Third, it is concerning that the majority of primary data or even mere summary statistics that document the Mozart effect were unavailable even upon request from the authors. All but one of the studies that had been excluded due to insufficient availability of (summary) data had reported a positive specific Mozart effect in their respective publications. This is particularly concerning because except for one study, all of these studies have been published from 2010 onwards, thus having been published in a time when (i) the awareness of the importance about open science practices should have substantially increased in empirical sciences as evidenced by changes in publication bias detection efforts19 and (ii) data sharing practices as well as data availability mandates have been increasingly implemented in Psychology journals in general and those journals that these studies have been published in particular (all journals whose data we could not obtain upon request either mandated or at the very least encouraged authors to share their data).

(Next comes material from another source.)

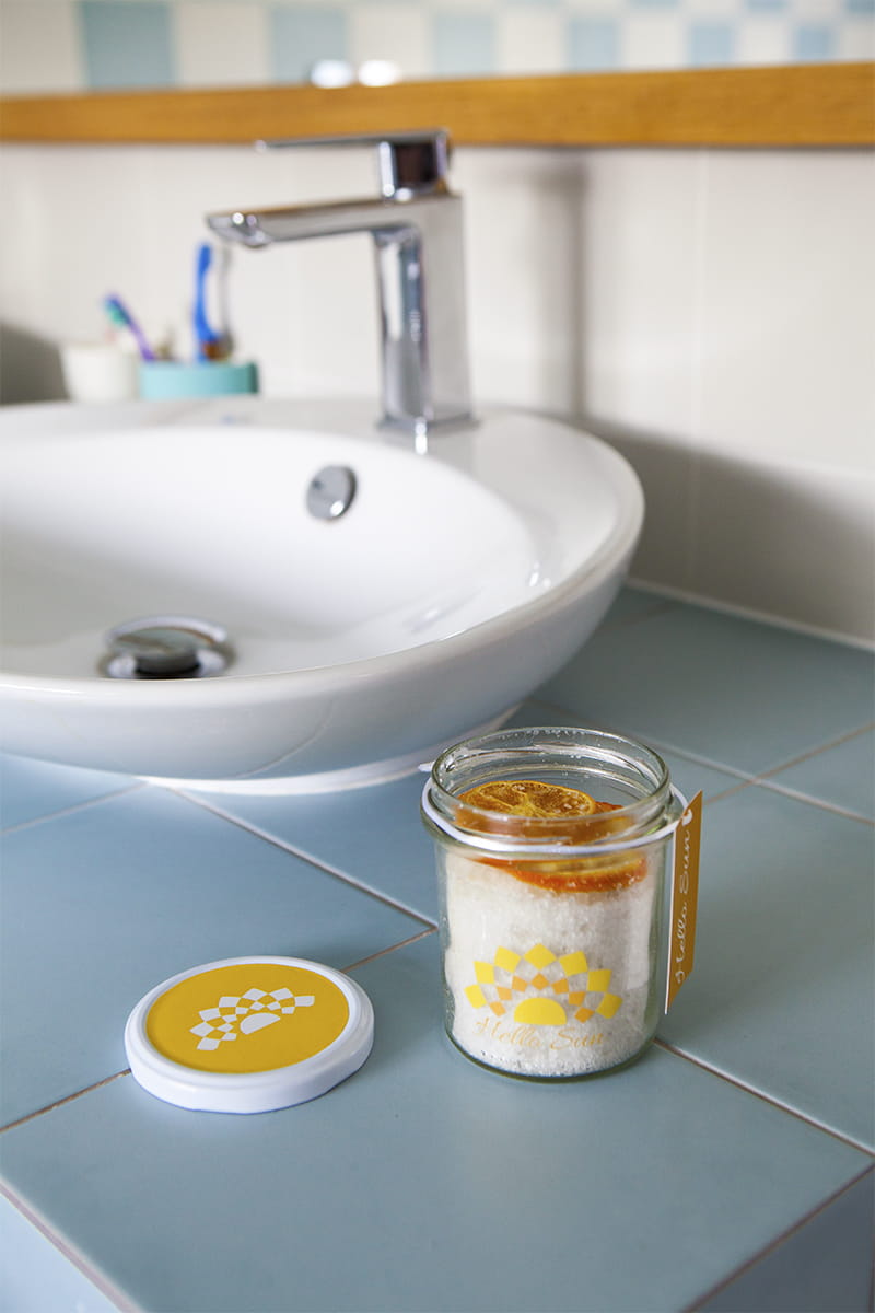 Sól reklamowa do kąpieli, słoik śr. 77 x 95 mm, kolor i zapach soli do wyboru - wanilia, kokos, piżmo, orchidea, drzewo kaszmirowe, bambus, świerk, poziomka, eukaliptus, mięta itp.,, pudełko, znakowanie - etykieta, bilecik, w pełnym kolorze

This is problematic, because despite the uncertain value of non-transparently documented outcomes, the increased attention by both the scientific community and the public on seemingly spectacular outcomes may lead to a perception of (unfounded) authority (i.e., leading readers to assume that a well-established effect exists although there is only little supporting evidence for the finding in question31). Novel scientometric measures support this interpretation. For instance, altmetrics for a recently published paper on the Mozart effect on epilepsy indicate considerable readership attention (e.g., within journal performance: percentile 99 of online attention compared to all other articles; among the top 50 of most downloaded papers; editor’s choice collection in chronic diseases), yet no data (or response) were obtainable upon request from the corresponding authors (see, Table S2). We do not mean to suggest, that results from underdocumented findings are necessarily flawed, but their value for answering specific research questions is uncertain. However, we presently observed that (i) most (ostensibly supporting) evidence cannot be evaluated, because numerical results are not reported or unavailable upon request and (ii) the available evidence provides insufficient support for a (specific) Mozart effect for epilepsy.

In all, our meta-analysis shows that there is no meaningful support for a beneficial effect of listening to Mozart’s sonata KV448 on any medically relevant conditions, let alone a specific Mozart effect for epilepsy. Unfounded authority, underpowered studies, and non-transparent reporting appear to be the main drivers of the Mozart effect myth.